I now resumed my walk by taking the alternative route of the Southern Upland Way, which branches off the main route at Cogshead, with lingering looks behind me of the isolated valley head as I followed the track slowly climbing out of the valley. In sunny, but windy, weather I had a relaxing walk along forestry tracks whose only obstacles were two locked gates that I had to climb over and eventually brought me back to my car. This was a lovely walk but a little too short, though that just meant I was able to spend time in Sanquhar looking around the Tolbooth Museum. The weather was good once the rain had cleared and I enjoyed the opportunity to revisit places that I had visited while on the Southern Upland Way last year, and especially finding the kist that I had failed to find before.

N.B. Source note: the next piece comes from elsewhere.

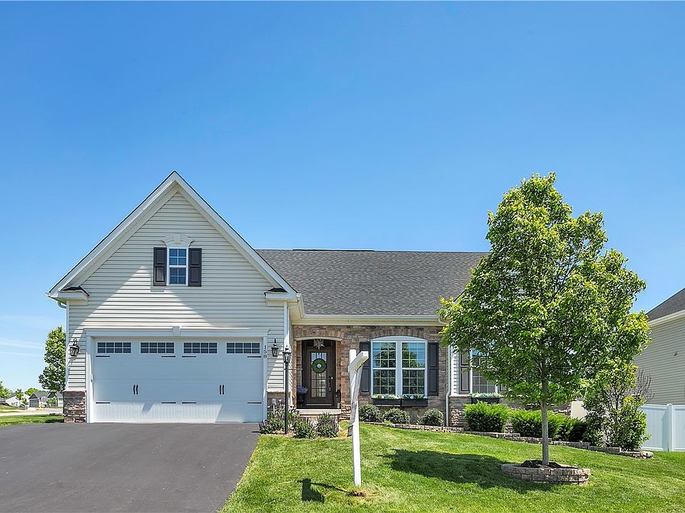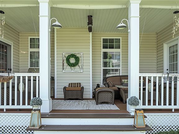 Like new Stone&sided ranch-many custom features.Lovely lot-trees,landscaping stones&lighting added.Coverd entry to 12-panel glass door w/transom.Find wideplank handscraped dark hardwd.French doors to light&bright 1st flr den w/dbl window.Mudrm from att grg w/bench,storage&closet.Great rm w/impressive coffered wood ceiling,stone fp w/reclaimed mantle flanked by fireside windows,plantation shutters,hardwd&open to gourmet Kitch.Spacious kitch boasts walkin pantry,ivory cabients w/mocha glaze,thick granite top barnwd cen island,under cabinet lighting,highend stainless.Dining rm w/french doors to covered trex deck w/natural gas grill.1st flr mastr w/treyed ceiling,new carpet,barnwd wall&crown mold.Master bth w/glass&ceram shower,dbl basin ivory granite topped vanity,custom mirrors.BR2 w/walkin&access to full bth w/espresso cabinets&high end fixtures.Fin low lev w/2nd office,BR3,Full bth.Game rm,custom repurposed bowling alley wood bar in bar room.Custom lighting,fixtures,wood accents&more.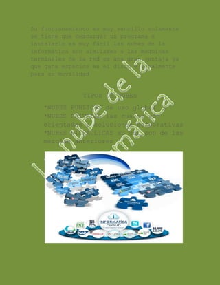 La computación en la nube permite a los usuarios almacenar información en servidores de internet, funcionando de manera sencilla mediante la descarga e instalación de programas. Existen diferentes tipos de nubes, incluyendo nubes públicas, privadas y hidráulicas, cada una con sus propósitos específicos. Esta tecnología optimiza el espacio en disco y mejora la movilidad de los datos.

The day after I started to do a walk up the Eastern Lowthers starting from the top of the Dalveen Pass, initially to look for the kist there as, although I found it last year, the coin I took away with me was actually the one for Cogshead. It was sunny when I started but dark clouds soon came over and by the time I reached the kist it was raining heavily. When I found kist was empty, no coins, my enthusiasm for a walk was ruined. The ever-present, strong winds were making walking very tiring despite hoping that I would be sheltered from the westerlies on the eastern slopes of the Lowther Hills, so I abandoned the walk just as I had done with many hill walks on this holiday and drove home.